Bent Rasmussen
- Born: 13 July 1957 (age 69) Herning, Denmark
- Nationality: Danish

Career history

Denmark
- 1977: Herning

Great Britain
- 1977–1978: Hackney Hawks
- 1978–1980: King's Lynn Stars
- 1981: Cradley Heathens

Individual honours
- 1980: Danish Championship bronze medal

Team honours
- 1981: British League winner
- 1980: Gauntlet Gold Cup
- 1980: Inter-League Knockout Cup

= Bent Rasmussen =

Danish speedway rider

Bent Rasmussen (born 13 July 1957) is a former motorcycle speedway rider from Denmark. He earned three caps for the Denmark national speedway team.

== Career ==
Rasmussen made his British leagues debut in 1977, when he joined the Hackney Hawks for the 1977 British League season. The following season, he continued to ride for Hackney before switching to the King's Lynn Stars.

Rasmussen stayed with Hackney for the 1978 season and although his 1978 British league performances were below expectation he won the Danish Final (world championship round) held in Fjelsted.
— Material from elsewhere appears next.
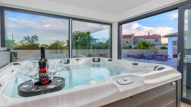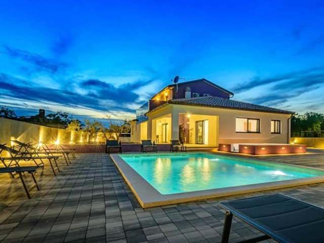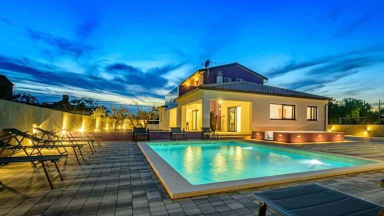 Die Villa 9 befindet sich in Marčana, etwa 15 km vom nächstgelegenen Flughafen Pula entfernt. Die umliegende Region bietet Berg- und Poolblick. Sehenswürdigkeiten wie das Amphitheater Pula sind 19 km entfernt, während die Kirche der heiligen Euphemia in Rovinj 33 km entfernt ist.

Rasmussen continued to ride for King's Lynn in 1979 and 1980 and also represented the Denmark national speedway team at the 1979 Speedway World Team Cup. During the 1980 Danish speedway season he won the bronze medal in the Danish Championship.

Rasmussen's final season in Britain was in 1981, with the Cradley Heathens following a transfer in the region of £8,000 from King's Lynn. At Cradley, he rode in all 30 of Cradley's fixtures and helped them win the league championship.